Manual check commands:

php artisan log:tail --lines=200 | grep "Join token"
php artisan log:tail --lines=200 | grep "gallery"

1.1 Synthetic Monitors (Uptime Kuma)

Primary uptime:

  • GET / (base domain) — HTTP 200-399.

Guest API (stable synthetic event tokens required):

  • GET /api/v1/events/{token} — expect JSON containing "slug" or "engagement_mode".
  • GET /api/v1/gallery/{token} — expect JSON containing "event" or "branding".
  • GET /api/v1/gallery/{token}/photos — expect JSON containing "data".
  • GET /api/v1/events/{token}/photos — expect JSON containing "data".

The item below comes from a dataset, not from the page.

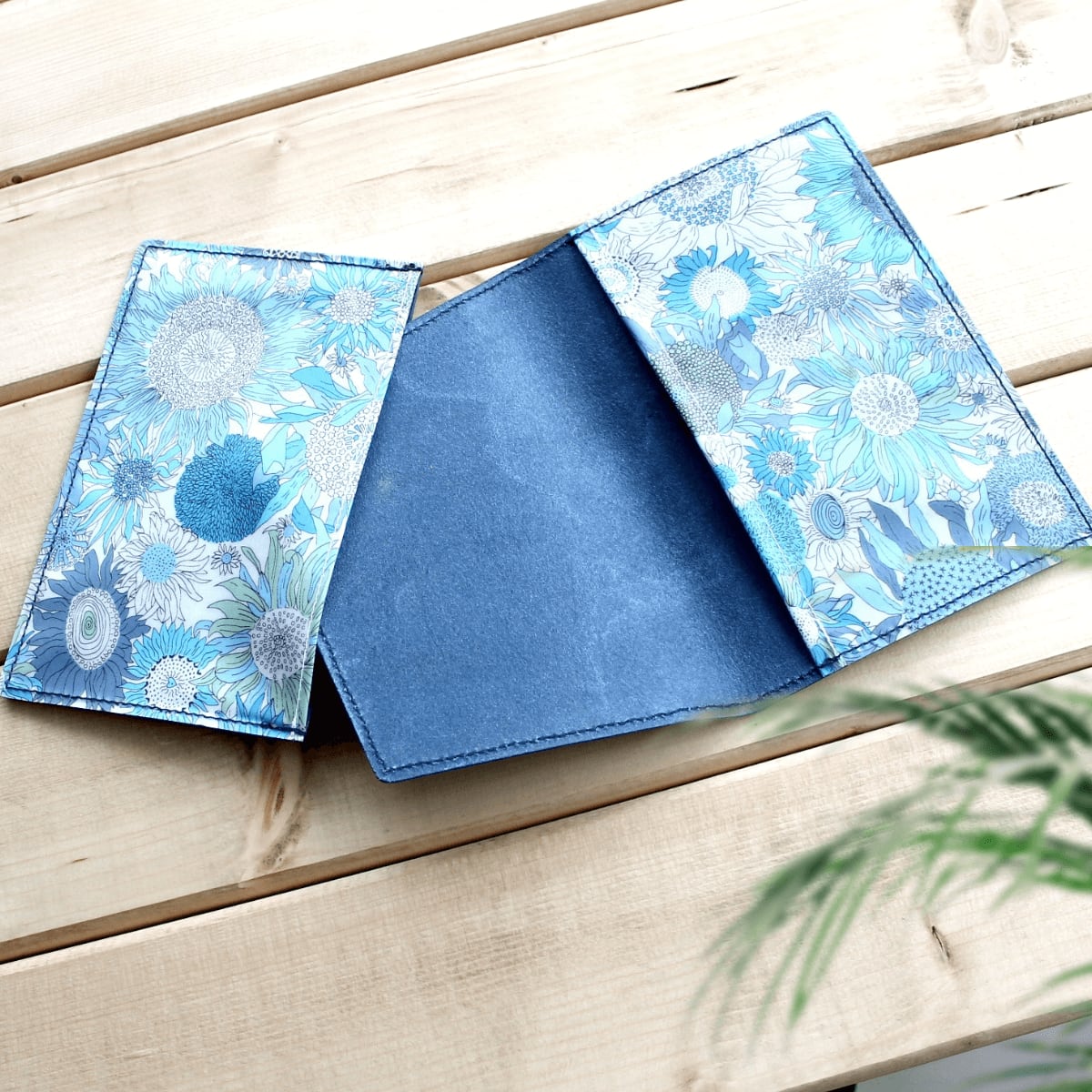 ブックカバー おしゃれ かわいい フリーサイズ 手帳カバー 革 文庫本 新書 B6判 46判 A5判 ブルー リバティ クリスマス

Support API health metrics (read-only token stored in Kuma):

  • GET /api/v1/support/tenants?per_page=1
  • GET /api/v1/support/events?per_page=1
  • GET /api/v1/support/photos?per_page=1

Defaults:

  • Interval: 60s
  • Timeout: 10s
  • Retries before alert: 2

Notes:

  • Do not store bearer tokens in the repo; configure them directly in Kuma.
  • If synthetic tokens rotate, guest monitors will flap. Keep a dedicated synthetic event/token.
  • Import template: docs/ops/deployment/uptime-kuma-import.template.json (replace placeholders before import).

2. Severity Classification

Level Criteria Examples
SEV-1 Wide outage (>50% error rate), confirmed data leak or malicious mass-download Gallery downloads serving wrong event, join-token table compromised.
SEV-2 Localised outage (single tenant/event) or targeted brute force attempting to enumerate tokens Single event returning 500, repeated invalid_token from single IP range.
SEV-3 Minor functional regression or cosmetic issue Rate limit misconfiguration causing occasional 429 for legitimate users.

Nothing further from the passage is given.